These records contain pictures, which must be left out; copy exactly the lines from the one with "该研究以塔里木盆地库车坳陷阿" up to and including the one with "Interra Copper Corp.".

Records provided -
^^^^^^^^
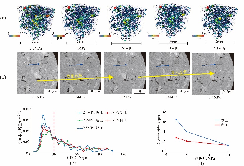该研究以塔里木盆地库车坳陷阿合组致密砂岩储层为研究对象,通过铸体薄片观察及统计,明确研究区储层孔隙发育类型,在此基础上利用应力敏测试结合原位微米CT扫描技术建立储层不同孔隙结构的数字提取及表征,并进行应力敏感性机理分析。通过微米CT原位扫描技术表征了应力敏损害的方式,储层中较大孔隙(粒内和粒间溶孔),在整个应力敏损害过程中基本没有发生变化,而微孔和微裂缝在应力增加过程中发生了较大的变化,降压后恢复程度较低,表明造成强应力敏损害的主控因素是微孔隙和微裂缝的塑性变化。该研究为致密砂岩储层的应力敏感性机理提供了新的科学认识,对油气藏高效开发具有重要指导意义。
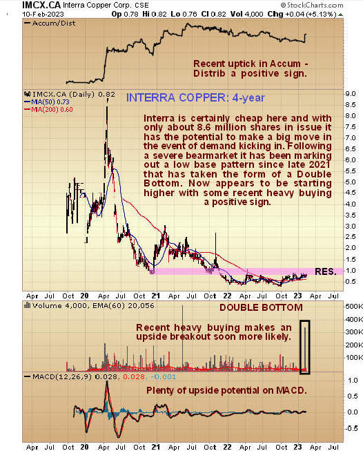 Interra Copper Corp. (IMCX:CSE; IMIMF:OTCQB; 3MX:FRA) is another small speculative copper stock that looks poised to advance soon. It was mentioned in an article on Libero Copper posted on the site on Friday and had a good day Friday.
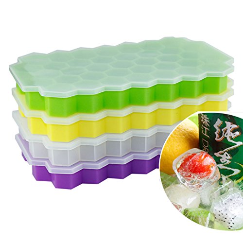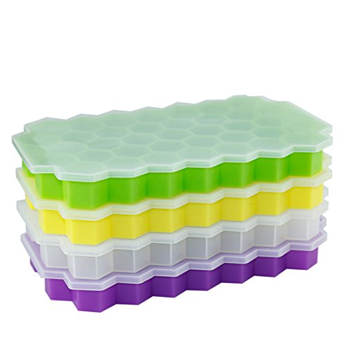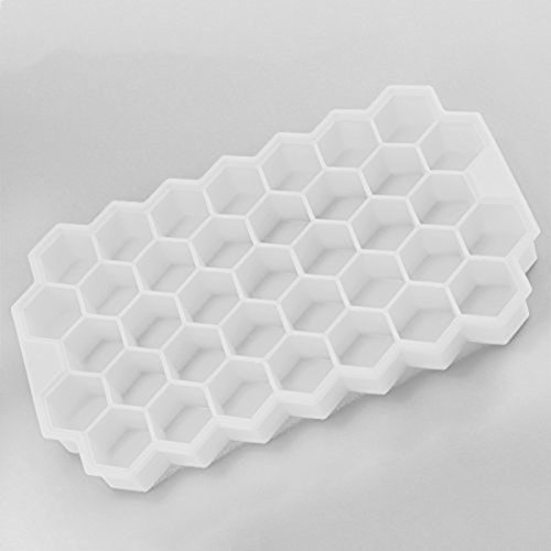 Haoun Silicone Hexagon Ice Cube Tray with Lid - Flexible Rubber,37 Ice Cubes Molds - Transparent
^^^^^^^^
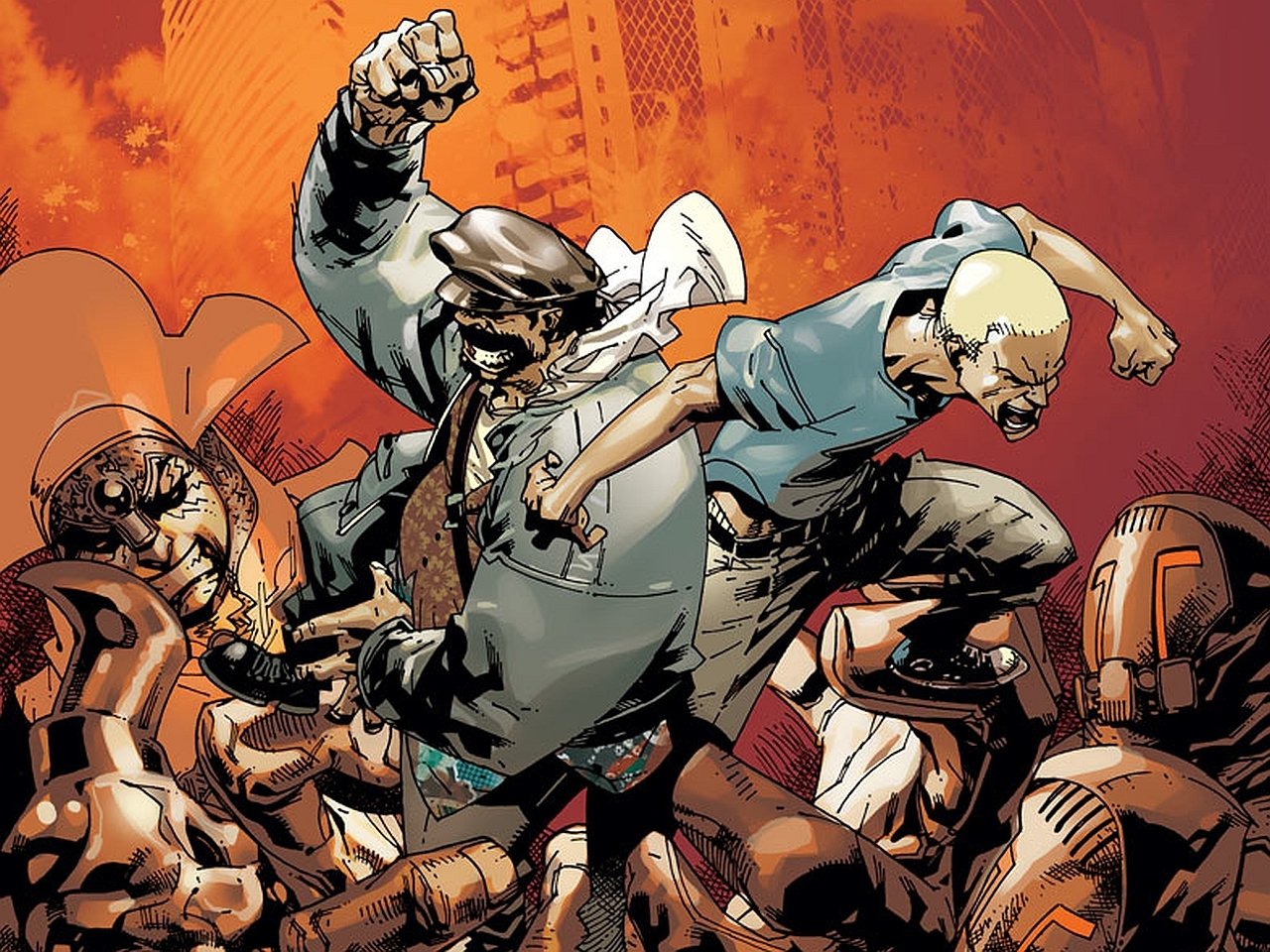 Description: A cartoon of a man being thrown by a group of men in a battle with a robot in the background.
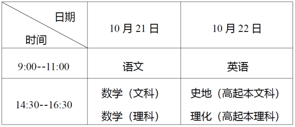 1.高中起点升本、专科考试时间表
^^^^^^^^
Solved problem -
该研究以塔里木盆地库车坳陷阿合组致密砂岩储层为研究对象,通过铸体薄片观察及统计,明确研究区储层孔隙发育类型,在此基础上利用应力敏测试结合原位微米CT扫描技术建立储层不同孔隙结构的数字提取及表征,并进行应力敏感性机理分析。通过微米CT原位扫描技术表征了应力敏损害的方式,储层中较大孔隙(粒内和粒间溶孔),在整个应力敏损害过程中基本没有发生变化,而微孔和微裂缝在应力增加过程中发生了较大的变化,降压后恢复程度较低,表明造成强应力敏损害的主控因素是微孔隙和微裂缝的塑性变化。该研究为致密砂岩储层的应力敏感性机理提供了新的科学认识,对油气藏高效开发具有重要指导意义。
 Interra Copper Corp. (IMCX:CSE; IMIMF:OTCQB; 3MX:FRA) is another small speculative copper stock that looks poised to advance soon. It was mentioned in an article on Libero Copper posted on the site on Friday and had a good day Friday.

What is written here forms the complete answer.